И без страшного удара, нанесенного смертью отца, перемены в жизни Дагмар были гораздо круче и жестче, чем у большинства берлинских евреев. Как все обычные люди, те были знакомы со всякими мелкими запретами, обидами и разочарованиями. А вот жизнь Дагмар до 30 января 1933 года была просто сказочно счастливой. Единственная драгоценная дочь невероятно богатых и любящих родителей, она обитала в самом сердце прекраснейшего из европейских городов. Мало кого на свете так пестовали, и мало кого ожидало будущее лучезарнее и счастливее. И теперь яркие воспоминания о той жизни изводили Дагмар. На каждом шагу встречались те, кто некогда перед ней лебезил, а нынче, похоже, злорадствовал над ее несчастьем.
Дагмар отерла слезы и полезла за платком, презрительно надувшись.
— Видал? — Отто мрачно взглянул на брата. — Ты понимаешь, что происходит? Нас перемалывают. Надо что-то делать.
— Я делаю, — ответил Пауль.
— Что? Учишься?
— Да. Учусь.
— Ха! И что проку? Евреи всегда учились.

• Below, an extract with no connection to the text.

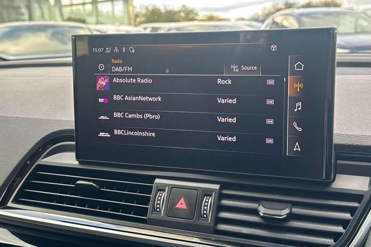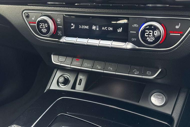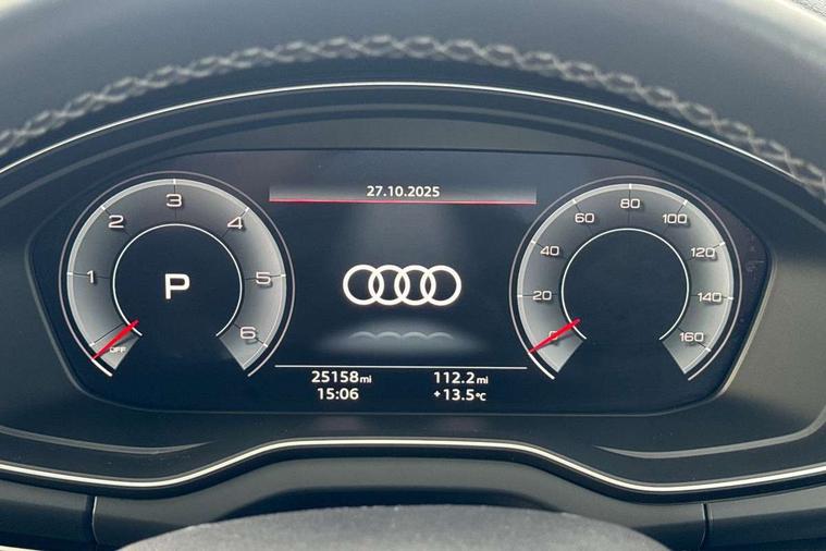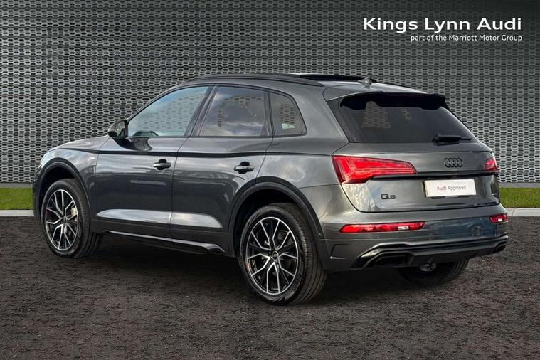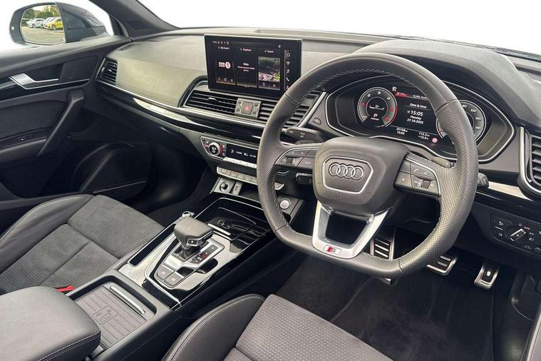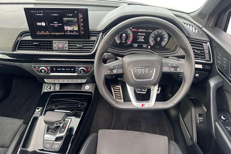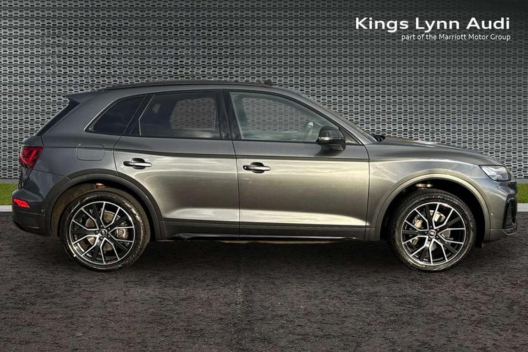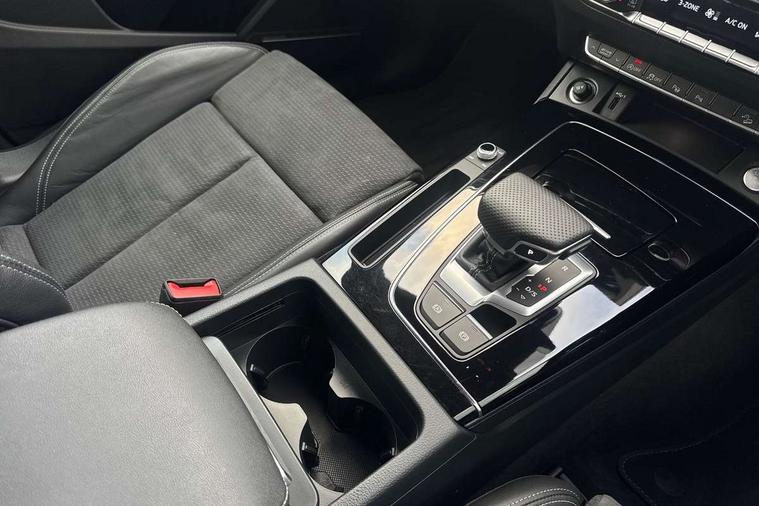Acoustic front and rear parking sensor, Audi connect safety and service (e-call), Audi drive select, Audi virtual cockpit plus with 12.3" screen and three different layout designs, Audi wireless smartphone interface, Automatic start-stop system with coasting functionality and efficiency programme, Bluetooth interface, Camera based traffic sign recognition, Electro - mechanical power assisted steering, Lane departure warning, MMI navigation plus with 10.1" touch screen, Power tailgate, Reversing camera, Service interval indicator, Voice control system with Audi hotword activation "Hey Audi", Diesel particulate filter, Quattro on demand, S line sports suspension, 2 x USB charging port with aux input socket, 8 loudspeakers, DAB Digital radio, Acoustic windscreen, Auto dimming door mirrors, Auto dimming frameless rear view mirror, Automatic headlight adjustment, Automatic headlights and windscreen wipers, Black roof rails, Black styling with black rings, Body colour bumpers, Body colour rear diffuser with matt aluminium silver surrounds, Body colour underbody protection, Chrome plated exhaust trims, Daytime running lights, Door sills in Selenite silver, Electric adjustable/heated/folding door mirrors, Front air inlet surrounds in aluminium, Front and rear electric windows, Front radiator grille in honeycomb design, LED 3rd brake light, LED headlights and LED tail lights, Loading edge protection in stainless steel, Lower bumpers painted in contrast Manhattan grey, Rear chrome trim strip below lights, Rear privacy glass and rear side windows, Rear side wing doors, Rear wiper, Roof bars, S Line badges on the front wing panels, S Line front and rear bumpers, S Line rear spoiler, S Line side skirts, 3 rear headrests, Black cloth headlining, Comfort front centre armrest, Contrast stitching on seats, steering wheel and gear lever gaiter, Deluxe 3 zone electronic climate control, Front head restraints, Front sport seats with S embossed logo, Front/rear floor mats, Gear lever in black leather, Heated front seats, Height/reach adjustable steering column, Illuminated door sill trims with S logo, Luggage compartment cover, Manual seat adjustment with 4-way electric lumbar support, Single front passenger seat, Stainless steel pedals, Sunvisors with vanity mirrors, Top surface of the rear centre armrest in artificial leather, High gloss pack - Q5, LED interior light pack - Q5, 3 point seatbelts on all seats, 6 airbags - Driver, front passenger, curtain and side airbags, Attention and drowsiness assist, Electrically operated child locks on rear doors, Electromechanical parking brake, Electronic stabilisation control including ABS, ASR and EDL, First aid kit with warning triangle and vests, Front passenger airbag deactivation, Hill descent control, Hill hold assist, ISOFIX child seat mounting for front passenger seat and ISOFIX child seat mounting with Top Tether for outer rear seats, Multi collision brake assist, Pop-up bonnet for pedestrian protection, Pre sense city, Seatbelt monitoring, Tyre pressure warning, Anti theft alarm, Anti-theft wheel bolts, Remote central locking, Remote control key with SAFELOCK and keyless go, Air vents inserts and centre console in gloss black, Tool kit, Tyre repair kit,

Учиться, учиться, учиться! Мама беспрестанно талдычит. На фига? Какая выгода? На хрен учебу. Мечтаешь стать юристом? Смехота! Какой нам толк от законов? Законом нас и уделывают. И потом, евреям запрещено быть юристами. И прочая достойная работа не для нас. Ты кончишь высокообразованным нищим!
— Вот что я тебе скажу. Когда я отсюда уеду, неважно куда — в Палестину, Лондон или Тимбукту, я буду готов. Смогу предложить свои знания. Прекрасно, что ты тягаешь тяжести и ходишь с ножом в кармане, но их всех не перебьешь. Нужен план.
Пауль хотел бы продолжить лекцию, однако он сидел на полу, спиной привалившись к кровати, с которой свесились длинные голые ноги Дагмар. Обнаженная плоть любимой была так близко, что даже аналитический мозг не мог сосредоточиться ни на чем ином.
— Ненавижу школу! — Дагмар дрыгнула ногой и досадливо пошевелила пальцами. — А теперь еще нас отсадили.
Пауль не слушал. Он созерцал милые крашеные ноготки и изящные лодыжки. Отто тоже уставился.
Обоим жутко хотелось расцеловать эти ножки.
— Я и две другие еврейки позорно жмемся друг к другу, — сказала Дагмар, в кои-то веки не заметив сногсшибательного впечатления, производимого на братьев любой ее оголенной частью. — Раньше мы даже не дружили. Эти девочки на бесплатном обучении. Бывало, я свысока на них поглядывала. Смешно. Теперь так смотрят на меня.